Полная версия:
Новорожденный
На вокзале я пытаюсь держаться подальше от полиции. Покупаю билет до Сочи.
– Добрый день. Ваши документы.
Оборачиваюсь.
Двое молодых парней в полицейской форме. Дубинки. Наручники. Пистолеты.
Вытаскиваю паспорт. Протягиваю.
– Домой еду, – говорю. – А что, что-то случилось?
– Оглядываетесь много, – улыбается. – С прошедшим днем рождения. – Возвращает мне паспорт. И они отходят.
Ну да – заглядываю сам – как и сочиняли, мой день рождения был вчера.
До рейса еще семь часов.
Я должен с ней поговорить. Я должен ее увидеть. Нельзя вот так бросать ее здесь одну. Маришечка. Красотулечка моя. Я верну тебя. Я верну нам нашу жизнь.
Беру такси.
– ЛотБанк.
Выхожу неподалеку. Жду.
Уже почти шесть. Скоро.
Вижу. Вот она. Моя красотулечка. С ней никого. Она садится в нашу синюю Хонду и едет.
Быстро ловлю такси.
– Пожалуйста, за этой машиной.
Улица Цветочная. Она едет домой. Это хорошо.
Паркуется. Заходит в дом.
Расплачиваюсь. Выхожу из машины. Оглядываюсь.
Осторожно проникаю во двор. Подхожу к окну. Оно вновь вставлено на место. Никого не видно. Наверное, поднялась в спальню.
Дождаться ее здесь? Или постучаться? А вдруг она дома не одна. Или опять залезть через окно?
Спускается. Надеюсь, она увидит меня сквозь занавески.
Стучу по стеклу. Нет. Ее уже нет в комнате. Значит, не услышала.

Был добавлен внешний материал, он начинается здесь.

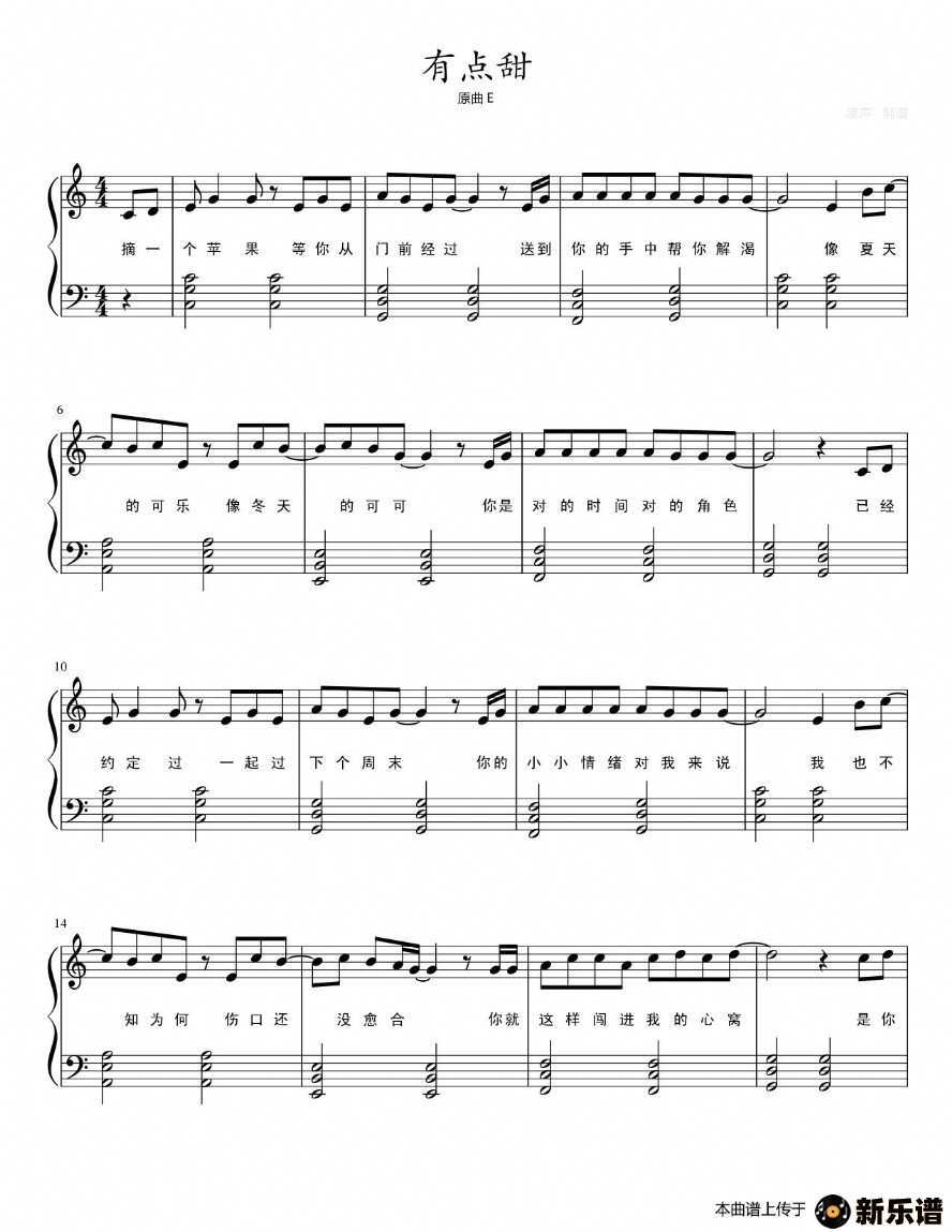 汪苏泷&BY2演唱的有点甜歌词,有点甜钢琴谱.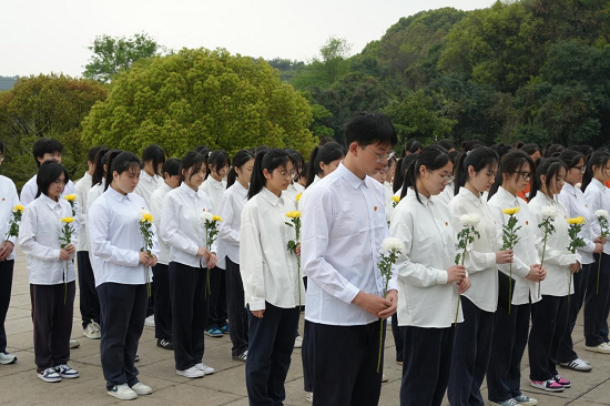 全體師生深刻默哀緬懷革命烈士豐功偉績;敬獻鮮花,寄托對先烈的哀思。繞紀念碑一周,瞻仰烈士風采。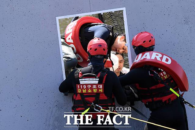 [더팩트ㅣ임영무 기자] 2024 강남구 안전한국훈련이 31일 오후 서울 송파구 탄천공영주차장에서 열린 가운데 소방구조대가 강남역 침수 상황을 가정한 인명구조 훈련을 하고 있다.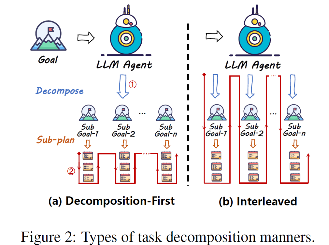 在现实世界的场景中,环境通常以复杂性和可变性为特征,因此通过一步规划过程解决复杂任务是一个巨大的挑战。这种简化复杂任务的能力是人类的一个显著能力,体现在将一个任务分解为几个更简单的子任务上,这类似于众所周知的“分而治之”算法策略。任务分解通常涉及两个关键步骤:首先,将复杂任务分解为子目标,称为“分解”步骤;其次,为子目标进行规划,称为“子计划步骤”。目前该领域中的任务分解方法通常分为两类:分解优先和交错分解,如图2所示。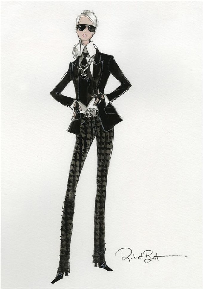 Sin abandonar en lo más mínimo su estilizada y superfemenina silueta, “Barbie Lagerfeld” portará la indumentaria y accesorios característicos del modisto, por supuesto adaptados a sus medidas naturales.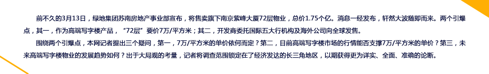 戴德梁行華東區寫字樓部董事沈潔表示,南京超甲級寫字樓的最高租金報價為5.5-6元/平方米/天,無法支持7萬/平方米的售價,所以“該價格不具有參考意義”。…[詳細]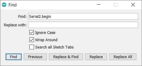 this means the first thing we need to do is search for a line of code that has this string in it: "Serial2.begin" and change the baud rate in it to 9600, it may look something like this: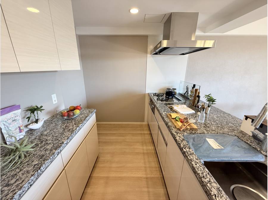 家族との会話を大切にする対面キッチンが中心となる設計で、パントリーやウォークインクローゼットも備えています。さらに、食洗機や浴室乾燥機など家事をサポートする設備も整い、快適な暮らしを実現します。

Бороться до конца! Любой ценой!
Иду к двери. Нажимаю на звонок.
Включается домофон. Ее голос:
– Я слушаю.
– Марин, это я, Паша.
В этот момент что-то тяжелое обрушивается мне на спину. Потом еще раз.
Я падаю. И замечаю, как меня бьет деревянной битой мужчина. Это тот вчерашний. Поддельный я.
Он размахивается. И опускает биту мне на спину.
Все расплывается.
Сначала чувствую тряску. Потом становится слышен какой-то гул. Какие-то голоса.
Открываю глаза. Я уложен в креслах. Еду в полицейском уазике. Руки в наручниках. Все тело изнывает от боли. Будто из-под танка выбрался.
– Он очнулся. – Рядом молодой парень в форме.
Ко мне поворачивается усатый полицейский, сидящий на переднем сидении. Капитанские погоны на плечах.
– Как самочувствие?
– Вам жаловаться все равно бесполезно, – произношу сквозь кашель.
У него звонит телефон.
– Да, он пришел в себя. Нет, не ранен. Не сильно. Подъезжаем уже.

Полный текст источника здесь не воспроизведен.